All disputes under this agreement shall be resolved by litigation in the courts of India, including the federal courts therein and the Parties all consent to the jurisdiction of such courts, agree to accept service of process by mail, and hereby waive any jurisdictional or venue defences otherwise available to it. Agreement Binding on Successors The provisions of the Agreement shall be binding upon and shall inure to the benefit of the Parties hereto, their heirs, administrators, successors and assigns. Assign ability Customer may not assign this Agreement or the rights and obligations thereunder to any third party without the prior express written approval of Company. Company reserves the right to assign subcontractors as needed to this project to ensure on-time completion.
No waiver by either party of any default shall be deemed as a waiver of prior or subsequent default of the same of other provisions of this Agreement.
If any term, clause or provision hereof is held invalid or unenforceable by a court of competent jurisdiction, such invalidity shall not affect the validity or operation of any other term, clause or provision and such invalid term, clause or provision shall be deemed to be severed from the Agreement.

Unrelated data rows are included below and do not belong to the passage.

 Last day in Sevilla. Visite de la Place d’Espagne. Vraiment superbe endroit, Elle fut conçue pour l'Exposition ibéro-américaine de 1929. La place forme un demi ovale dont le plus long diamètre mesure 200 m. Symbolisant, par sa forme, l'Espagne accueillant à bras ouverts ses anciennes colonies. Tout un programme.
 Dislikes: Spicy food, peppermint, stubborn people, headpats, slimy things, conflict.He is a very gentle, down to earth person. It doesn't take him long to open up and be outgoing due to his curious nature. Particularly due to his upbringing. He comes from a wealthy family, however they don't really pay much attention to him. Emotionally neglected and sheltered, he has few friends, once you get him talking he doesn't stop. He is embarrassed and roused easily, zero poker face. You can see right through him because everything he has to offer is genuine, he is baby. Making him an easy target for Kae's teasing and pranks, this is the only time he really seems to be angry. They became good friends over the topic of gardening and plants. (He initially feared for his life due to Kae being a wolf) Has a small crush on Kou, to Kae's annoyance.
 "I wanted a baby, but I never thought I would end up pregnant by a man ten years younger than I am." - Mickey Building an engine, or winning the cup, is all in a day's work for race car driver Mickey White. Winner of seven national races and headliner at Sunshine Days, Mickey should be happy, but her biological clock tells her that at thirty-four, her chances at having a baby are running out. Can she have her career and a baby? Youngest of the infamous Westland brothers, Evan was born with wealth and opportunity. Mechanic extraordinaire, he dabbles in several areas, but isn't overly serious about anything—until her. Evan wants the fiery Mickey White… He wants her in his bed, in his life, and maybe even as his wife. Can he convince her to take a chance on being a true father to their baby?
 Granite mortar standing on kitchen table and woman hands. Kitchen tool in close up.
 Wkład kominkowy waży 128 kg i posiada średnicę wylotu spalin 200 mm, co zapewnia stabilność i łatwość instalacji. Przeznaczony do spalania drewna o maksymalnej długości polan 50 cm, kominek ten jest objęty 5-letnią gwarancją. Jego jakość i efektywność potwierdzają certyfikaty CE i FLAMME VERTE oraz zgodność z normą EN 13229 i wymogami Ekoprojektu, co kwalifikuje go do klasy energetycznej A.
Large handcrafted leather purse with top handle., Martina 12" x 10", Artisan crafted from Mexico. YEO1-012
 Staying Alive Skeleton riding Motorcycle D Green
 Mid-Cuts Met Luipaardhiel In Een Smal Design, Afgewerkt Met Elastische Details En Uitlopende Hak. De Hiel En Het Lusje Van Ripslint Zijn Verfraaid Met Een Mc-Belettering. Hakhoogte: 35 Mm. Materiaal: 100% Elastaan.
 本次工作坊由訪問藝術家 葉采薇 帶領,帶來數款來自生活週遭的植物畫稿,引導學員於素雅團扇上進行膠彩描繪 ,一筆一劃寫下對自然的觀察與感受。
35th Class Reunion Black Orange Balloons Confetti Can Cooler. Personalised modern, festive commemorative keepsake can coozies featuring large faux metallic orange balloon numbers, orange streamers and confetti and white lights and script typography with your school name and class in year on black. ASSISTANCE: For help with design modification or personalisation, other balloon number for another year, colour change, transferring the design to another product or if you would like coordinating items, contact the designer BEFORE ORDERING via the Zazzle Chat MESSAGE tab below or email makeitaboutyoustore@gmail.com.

This Agreement constitutes the entire understanding of the Parties, and revokes and supersedes all prior agreements between the Parties and is intended as a final expression of their Agreement. It shall not be modified or amended except in writing signed by the Parties hereto and specifically referring to this Agreement. This Agreement shall take precedence over any other documents, which may conflict with this Agreement.
Customer and Company agree to make a good-faith effort to resolve any disagreement arising out of, or in connection with, this Agreement through negotiation. Should the parties fail to resolve any such disagreement within ten (30) days, any controversy or claim arising out of or relating to this Agreement, including, without limitation, the interpretation or breach thereof shall be submitted by either party to arbitration in India and in accordance with Indian Law. The arbitration shall be conducted by one arbitrator, who shall be
Selected in the sole discretion of the American Arbitration Association administrator
A licensed attorney with at least ten (10) years experience in the practice of law and at least five (5) years experience in the negotiation of technology contracts or litigation of technology disputes.
The arbitrator shall have the power to enter any award that could be entered by a judge of the state courts of India sitting without a jury, and only such power, except that the arbitrator shall not have the power to award punitive damages, treble damages, or any other damages which are not compensatory, even if permitted under the laws of India or any other applicable law. The arbitrator must issue his or her resolution of any dispute within thirty (30) days of the date the dispute is submitted for arbitration. The written decision of the arbitrator shall be final and binding and enforceable in any court having jurisdiction over the parties and the subject matter of the arbitration. Notwithstanding the foregoing, this Section shall not preclude either party from seeking temporary, provisional, or injunctive relief from any court.
Each Party warrants that their representative whose signature appears below is duly authorized by all necessary and appropriate corporate actions to execute this Agreement.